Fans a pre-encoded V1 update out to all peers currently connected to a
room. Does not apply the update to the server's doc — callers who
want the server's state to reflect the broadcast must call
crdt.ApplyUpdateV1 first (or use Apply below).
doc := server.GetDoc("my-room")
if err := crdt.ApplyUpdateV1(doc, update, nil); err != nil {
return err
}
if err := server.BroadcastUpdate(ctx, "my-room", update); err != nil {
return err
}Skipping ApplyUpdateV1 creates divergence. Live peers see the
update, but peers joining afterwards receive the server's stale state
via sync step 2.
Applies a callback to the doc and broadcasts the resulting delta atomically.
Auto-creates the room if needed. Persistence runs via the existing
OnUpdate hook — callers do not need to persist separately.
err := server.Apply(ctx, "my-room",
func(doc *crdt.Doc, transact func(func(*crdt.Transaction))) {
frag := doc.GetXmlFragment("content") // OUTSIDE transact — see note
transact(func(txn *crdt.Transaction) {
elem := crdt.NewYXmlElement("p")
frag.InsertElement(txn, 0, elem)
})
},
)Important: calls to doc.GetXmlFragment, doc.GetText, doc.GetMap,
and the other root-type accessors must happen outside the transact
callback. These methods acquire the doc's write lock, which transact
already holds — calling them inside deadlocks.
fn should be fast. It runs inside the doc's write lock and blocks all
peer reads and writes to the room for the duration.
On ErrUpdateTooLarge, the mutation sticks. The size check runs
after fn's transaction commits and after persistence has enqueued the
update, so the server's doc reflects fn's changes and the update IS
persisted — but peers do NOT see it. Size-bound fn's effects
explicitly or reconcile peers via a sync step 1/2 exchange.
Explicit teardown for rooms created by Apply that never accumulated
peer connections. Without CloseRoom, such rooms linger until process
exit.
if err := server.CloseRoom("my-room", false); err != nil { /* ... */ }
// force=true closes connected peers first.An optional hook gates all server-side writes:
server.OnInject = func(ctx context.Context, info websocket.InjectInfo) error {
tenant, _ := ctx.Value(tenantKey{}).(string)

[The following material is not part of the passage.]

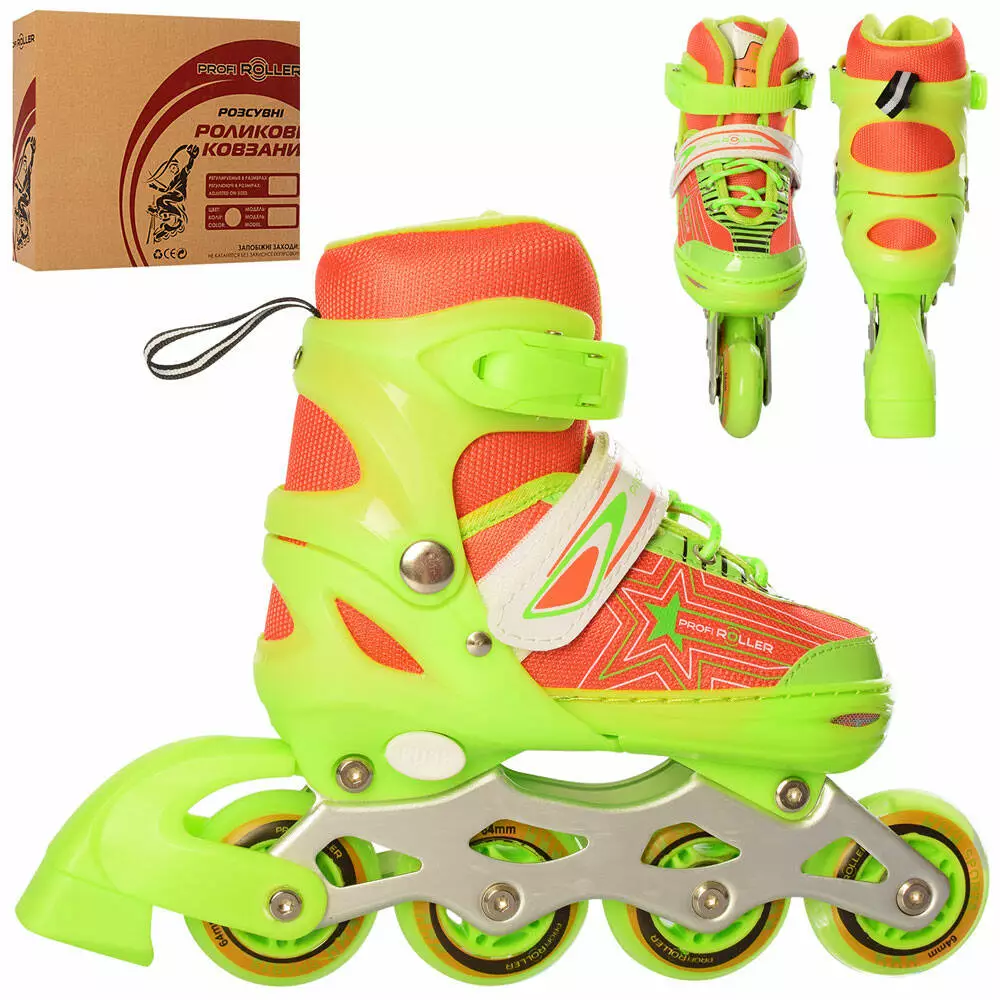 Ролики A 4138-S-GR(31-34) розсув., шнур.+бакля, ал.рама, кол.ПУ64мм-1світ., зелений, кор.,35-27-10см

if !allowed(tenant, info.Room) {
return fmt.Errorf("tenant %q may not write to %q", tenant, info.Room)
}
if info.Op == websocket.OpBroadcastUpdate && info.UpdateSize > 1<<20 {
return errors.New("update too large for this tenant")
}
return nil
}info.Op is OpBroadcastUpdate or OpApply. info.UpdateSize is the
length of the update bytes for BroadcastUpdate; zero for Apply (the
delta has not yet been produced — size capping for Apply is handled
by MaxUpdateBytes, post-hoc).
Refusals are returned wrapped with ErrInjectRefused, so callers can
match either the sentinel or the hook's own error via errors.Is.
Server.MaxUpdateBytes— per-update size cap, default 64 MiB (matches the peer frame limit).Server.MaxRooms— total-room cap applied uniformly to peer upgrades (HTTP 503) andApply(ErrTooManyRooms). Default unlimited.

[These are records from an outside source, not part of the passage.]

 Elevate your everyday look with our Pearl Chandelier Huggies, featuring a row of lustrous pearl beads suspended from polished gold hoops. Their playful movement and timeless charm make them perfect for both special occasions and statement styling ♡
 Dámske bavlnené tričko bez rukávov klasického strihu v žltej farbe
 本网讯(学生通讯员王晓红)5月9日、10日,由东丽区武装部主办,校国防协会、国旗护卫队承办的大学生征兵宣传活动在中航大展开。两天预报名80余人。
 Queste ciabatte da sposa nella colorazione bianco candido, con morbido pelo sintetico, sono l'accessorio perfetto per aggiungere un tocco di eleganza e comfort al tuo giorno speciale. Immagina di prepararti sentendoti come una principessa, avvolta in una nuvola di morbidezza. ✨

Server.Apply and Server.BroadcastUpdate grant total write authority
on the document. Treat the *Server handle with the same care as a
database connection — do not expose it directly to untrusted code.

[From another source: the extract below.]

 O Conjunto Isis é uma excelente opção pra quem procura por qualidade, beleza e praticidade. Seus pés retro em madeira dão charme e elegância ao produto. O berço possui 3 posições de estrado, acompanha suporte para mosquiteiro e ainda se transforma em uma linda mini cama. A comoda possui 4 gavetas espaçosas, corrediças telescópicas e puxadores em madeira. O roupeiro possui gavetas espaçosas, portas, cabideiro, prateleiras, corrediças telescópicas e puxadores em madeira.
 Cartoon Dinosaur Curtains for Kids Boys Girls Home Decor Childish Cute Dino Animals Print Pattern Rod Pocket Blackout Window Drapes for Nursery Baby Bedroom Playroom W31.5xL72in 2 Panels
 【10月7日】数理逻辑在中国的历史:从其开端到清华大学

OnInject is defense-in-depth, not a substitute for caller-side
authorization. A caller who can reach either API can craft updates that
spoof any client ID, which is equivalent to the authority already
granted by GetDoc + ApplyUpdateV1.
The WebSocket server takes an optional PersistenceAdapter so room state survives restarts:
type PersistenceAdapter interface {
LoadDoc(room string) ([]byte, error)
StoreUpdate(room string, update []byte) error
}LoadDoc is called once when the first peer connects to a room; the result seeds the in-memory doc. StoreUpdate is called on every committed transaction. Writes run on a per-room worker goroutine — slow storage doesn't block peers. Wire an adapter in via NewServerWithPersistence(adapter).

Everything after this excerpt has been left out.